Standard Wheat - Misc Recipes

Rough Puff Pastry

Rough Puff Pastry
(recipe from Abby Johnson Dodge:Fine Cooking)

Ingredients:
2 ½ cups sifted all purpose flour – 12 oz
3 sticks cold butter – 12 oz
¾ cup ice water – 6 oz
½ teaspoon salt

Directions
Cut each stick of butter into 8 slices. In a large mixing bowl, whisk together the flour and salt, add the cold cubes of butter. Use a pastry blender or large pastry fork to cut the butter into the flour. Reduce the butter to ½ inch – ¾ sized pieces. The butter pieces will not need to be all the same size. The mixture will have a dry and crumbly texture.

Add all the ice water (no ice) and continue to use the pastry blender to process it with the butter and flour. You will have a rough shaggy dough that will still be very crumbly and dry in some spots. Dump the dough on a clean and dry work surface to begin the rolling and folding process.

Flatten the dough slightly with a floured rolling pin. Use a flat metal dough scraper (bench knife) to shape the shaggy dough into a 6 inch by 18 inch vertical rectangle. As the dough begins to stick to the rolling pin, add a little flour to the pin and it will rub right off. Lightly dust the dough also with flour.
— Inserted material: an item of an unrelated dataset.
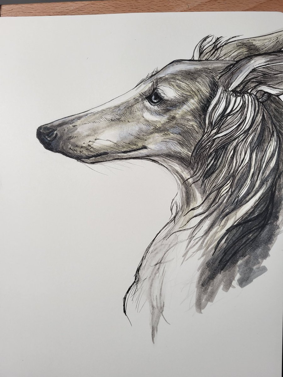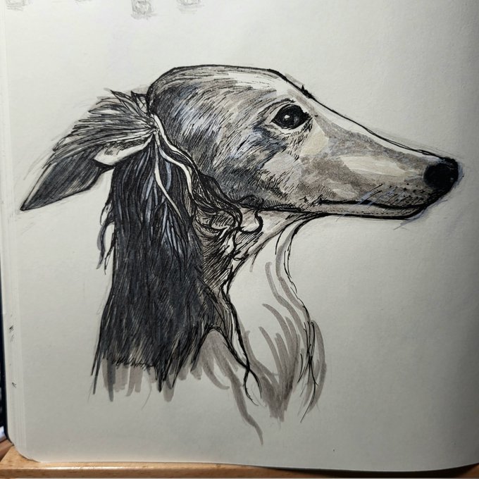 1 3 Another sketch of my girl I like rhis watercolor ink pen brush Will try some more Happy day all, week end is starting #sketch #sketchbook #windhound #sighthound #inktober2022 22/10/28 21:00

Using the metal scraper, fold the bottom edge of the dough up to the center of the rectangle. Then fold the top edge of the dough down to the center of the rectangle. Now fold the bottom edge up to meet the top edge of the dough. You have now completed your first double book turn.
Tip: Work quickly, but if the butter starts to melt and seep out, wrap the dough in plastic wrap and refrigerate for 15 minutes

Use the scraper to reform the crumbly dough back into a vertical rectangle. Rotate the dough so the folded edge is on your right. Roll the dough out exactly as before to complete one more double book turn. Wrap dough in plastic and refrigerate 30 minutes so it can relax.

Lightly flour your work surface and roll out dough exactly as before. Give it one to two more single book turns this time. You may use the dough now, or refrigerate it 2 hours or up to 2 days for best results.